This notebook shows how to use the PDF converter to create an input dataframe for the cdQA pipeline from a directory of PDF files.
*Note:* To run this notebook you will need to have access to GPU. If you are using colab, you will need to install cdQA
by executing !pip install cdqa
in a cell.
import os
import pandas as pd
from ast import literal_eval
from cdqa.utils.converters import pdf_converter
from cdqa.utils.filters import filter_paragraphs
from cdqa.pipeline import QAPipeline
from cdqa.utils.download import download_model
/Users/andre.farias/python3.7.0/lib/python3.7/site-packages/tqdm/autonotebook/__init__.py:18: TqdmExperimentalWarning: Using `tqdm.autonotebook.tqdm` in notebook mode. Use `tqdm.tqdm` instead to force console mode (e.g. in jupyter console) " (e.g. in jupyter console)", TqdmExperimentalWarning)
# Download model
download_model(model='bert-squad_1.1', dir='./models')

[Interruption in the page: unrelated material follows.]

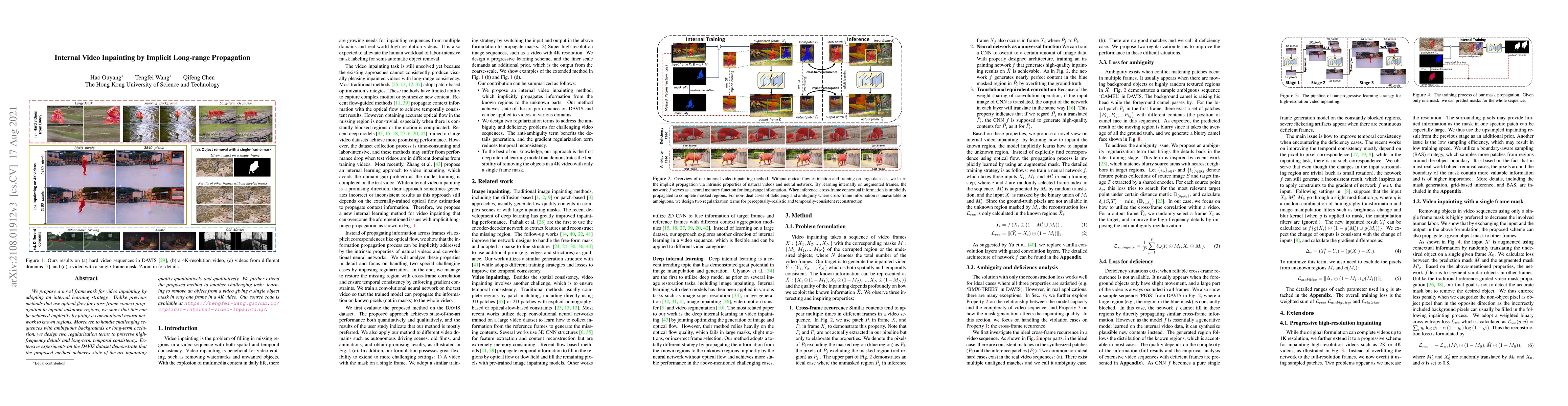 This paper introduces a novel video inpainting framework that implicitly propagates context through a convolutional neural network fitted to known regions, avoiding the use of optical flow. It employs regularization terms to maintain high-frequency details and temporal consistency, achieving state-of-the-art results on the DAVIS dataset and extending the method to object removal from videos.

Downloading trained model...
# Download pdf files from BNP Paribas public news
def download_pdf():
import os
import wget
directory = './data/pdf/'
models_url = [
'https://invest.bnpparibas.com/documents/1q19-pr-12648',
'https://invest.bnpparibas.com/documents/4q18-pr-18000',
'https://invest.bnpparibas.com/documents/4q17-pr'
]
print('\nDownloading PDF files...')
if not os.path.exists(directory):
os.makedirs(directory)
for url in models_url:
wget.download(url=url, out=directory)
download_pdf()
Downloading PDF files...
df = pdf_converter(directory_path='./data/pdf/')
df.head()
2019-07-20 15:43:22,713 [MainThread ] [INFO ] Retrieving http://search.maven.org/remotecontent?filepath=org/apache/tika/tika-server/1.19/tika-server-1.19.jar to /var/folders/fy/3wb1p_ms5r3g97jm4y93pqd40000gn/T/tika-server.jar. 2019-07-20 15:43:34,191 [MainThread ] [INFO ] Retrieving http://search.maven.org/remotecontent?filepath=org/apache/tika/tika-server/1.19/tika-server-1.19.jar.md5 to /var/folders/fy/3wb1p_ms5r3g97jm4y93pqd40000gn/T/tika-server.jar.md5. 2019-07-20 15:43:34,617 [MainThread ] [WARNI] Failed to see startup log message; retrying...
title | paragraphs | |
---|---|---|
0 | 4q17-pr.pdf | [GOOD START OF THE 2020 PLAN * COST OF RISK... |
1 | 4q18-pr2.pdf | [SIGNIFICANT PROGRESS IN THE DIGITAL TRANSFORM... |
2 | 1q19-pr-12648.pdf | [The business of BNP Paribas was up this quart... |
cdqa_pipeline = QAPipeline(reader='./models/bert_qa_vCPU-sklearn.joblib', max_df=1.0)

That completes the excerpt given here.